Im using Scrapy and I want to save some of the .svg images from the webpage locally on my computer. The urls for these images have the structure '__.com/svg/4/8/3/1425.svg' (and is a full working url, https included).

Ive defined the item in my items.py file:

class ImageItem(scrapy.Item):
image_urls = scrapy.Field()
images = scrapy.Field()

Ive added the following to my settings:

ITEM_PIPELINES = {
'scrapy.pipelines.images.ImagesPipeline': 1,
}

IMAGES_STORE = '../Data/Silks'
MEDIA_ALLOW_REDIRECTS = True

In the main parse function im calling:

imageItem = ImageItem()
imageItem['image_urls'] = [url]

yield imageItem

But it doesn't save the images. Ive followed the documentation and tried numerous things but keep getting the following error:

StopIteration: <200 https://www.________.com/svg/4/8/3/1425.svg>

During handling of the above exception, another exception occurred:
......
......
PIL.UnidentifiedImageError: cannot identify image file <_io.BytesIO object at 0x1139233b0>

Am I missing something? Can anyone help? I am fully stumped.

Maximilian
  • 143
  • 1
  • 8
  • can you at least the image url before redirection? – wishmaster Aug 28 '20 at 00:31
  • Maybe Pillow (PIL) does not support SVG images, and the image pipeline uses it to convert all images to JPEG. If you are fine with downloading the images as SVG, then use the FilesPipeline instead, which does not try to convert downloaded files. – Gallaecio Aug 28 '20 at 10:56

2 Answers2

2

Gallaecio was right! Scrapy was having an issue with the .svg file type. Changed the imagePipeline to the filePipeline and it works!

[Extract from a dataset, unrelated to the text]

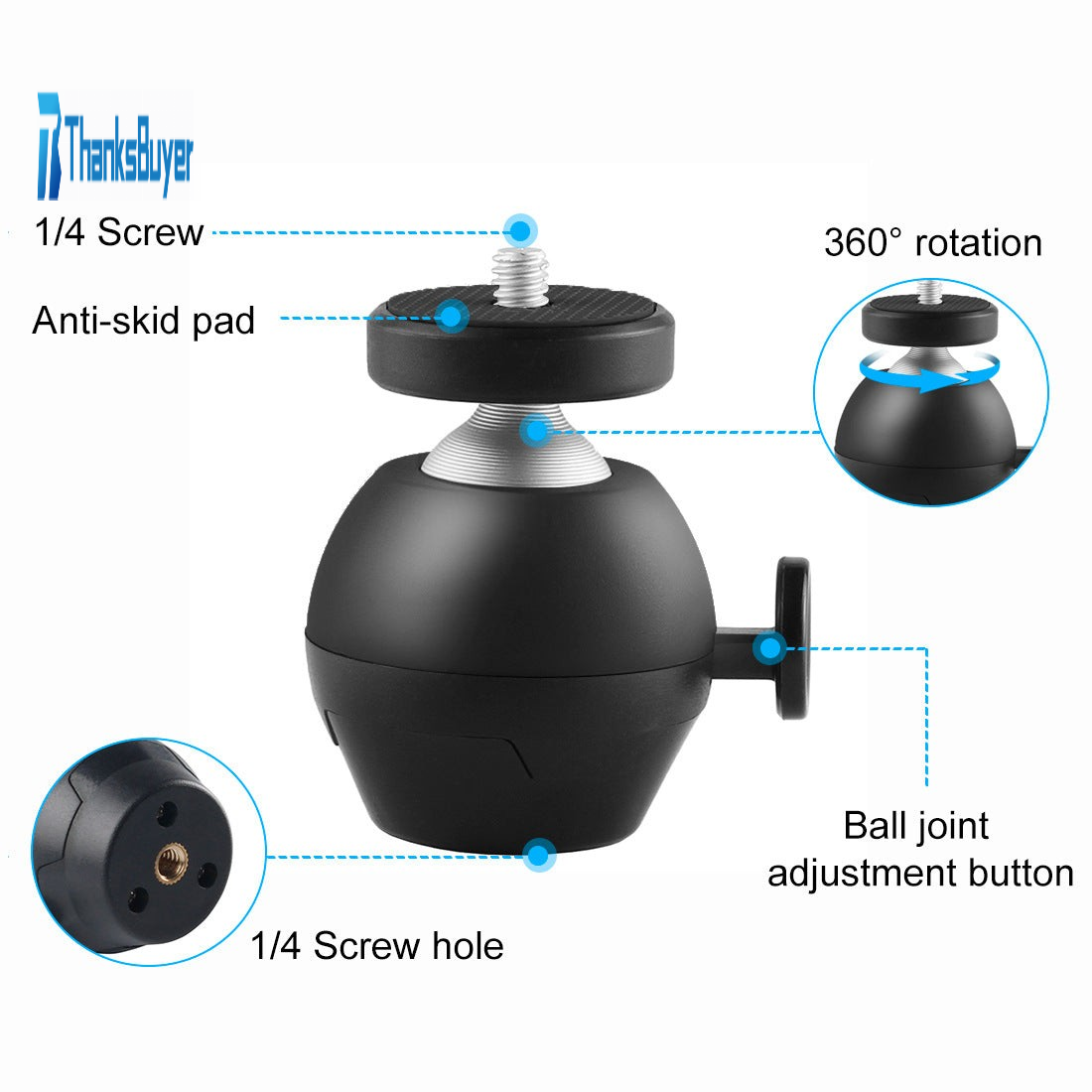 1. This professional mini ball head is good accessory to add versatility to any tripod

For anyone stuck the documentation is here

Maximilian
  • 143
  • 1
  • 8
2

Python Imaging Library (PIL), which is used by the ImagesPipeline, does not support vector images.

If you still want to benefit from the ImagesPipeline capabilities and not switch to the more general FilesPipeline, you can do something along those lines

from svglib.svglib import svg2rlg
from reportlab.graphics import renderPM
from io import BytesIO

class SvgCompatibleImagesPipeline(ImagesPipeline):

    def get_images(self, response, request, info, *, item=None):
        """
        Add processing of SVG images to the standard images pipeline
        """
        if isinstance(response, scrapy.http.TextResponse) and response.text.startswith('<svg'):
            b = BytesIO()
            renderPM.drawToFile(svg2rlg(BytesIO(response.body)), b, fmt='PNG')
            res = response.replace(body=b.getvalue())           
        else:
            res = response

        return super().get_images(res, request, info, item=item)

This will replace the SVG image in the response body by a PNG version of it, which can be further processed by the regular ImagesPipeline.

runningwild
  • 129
  • 12